··· Given information

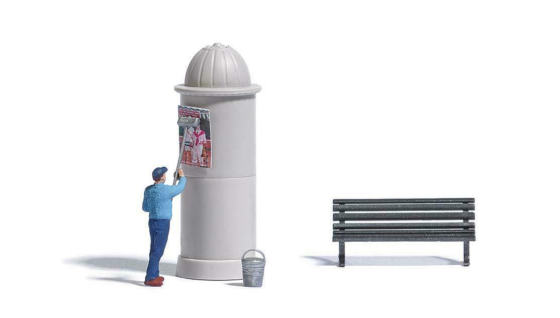 7909 1/87 (HO)Homme apposant une affiche avec colonne publicitaire‚ seau et banc 12,50 €Ajouter...
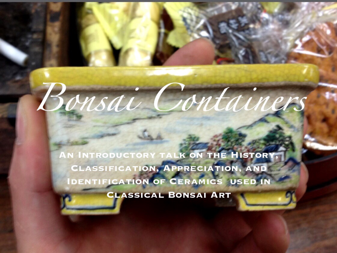 - Overview Lecture Series: My Bonsai Pottery Overview lecture series comes in 3 parts. Each part is a stand alone lecture, featuring a mixture of Beginner, Intermediate, and Advanced information. They covers a range of topics including History, Appreciation, Classification, Discernment, Identification, and Selection. Each lecture is 1.5-2 hours long with Power Point, followed by a Q and A where I can identify and appraise members’ containers, or discuss selection for specific trees. Each lecture includes a container of Recognized Artist Tokoname quality or higher, to be raffled or auctioned at the Club’s discretion.
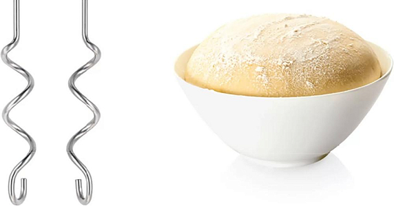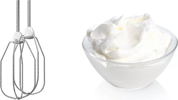 Ручной миксер MFQ 3030 оснащен двумя комплектами насадок: венчиками для взбивания и крюками для замешивания теста
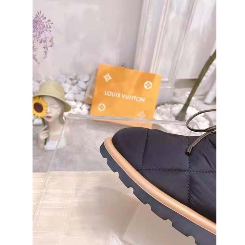 - The upper has a refined quilted finish. while the lining features the iconic Monogram pattern Its “sock like” inner layer in mesh textile ensures a perfect hold of the feet while offering comfort. Designed by Louis Vuitton Artistic Director Nicolas Ghesquière. this model is finished with a lightweight micro outsole with a contour in nappa leather. and can be worn outdoors as well as indoors.

······

**Exercise prompt:** Your answer must be an exact copy of the lines above, from the line that contains "Ручной миксер MFQ" through the final line, with no pictures in it.

**The completed task:**
 Ручной миксер MFQ 3030 оснащен двумя комплектами насадок: венчиками для взбивания и крюками для замешивания теста
 - The upper has a refined quilted finish. while the lining features the iconic Monogram pattern Its “sock like” inner layer in mesh textile ensures a perfect hold of the feet while offering comfort. Designed by Louis Vuitton Artistic Director Nicolas Ghesquière. this model is finished with a lightweight micro outsole with a contour in nappa leather. and can be worn outdoors as well as indoors.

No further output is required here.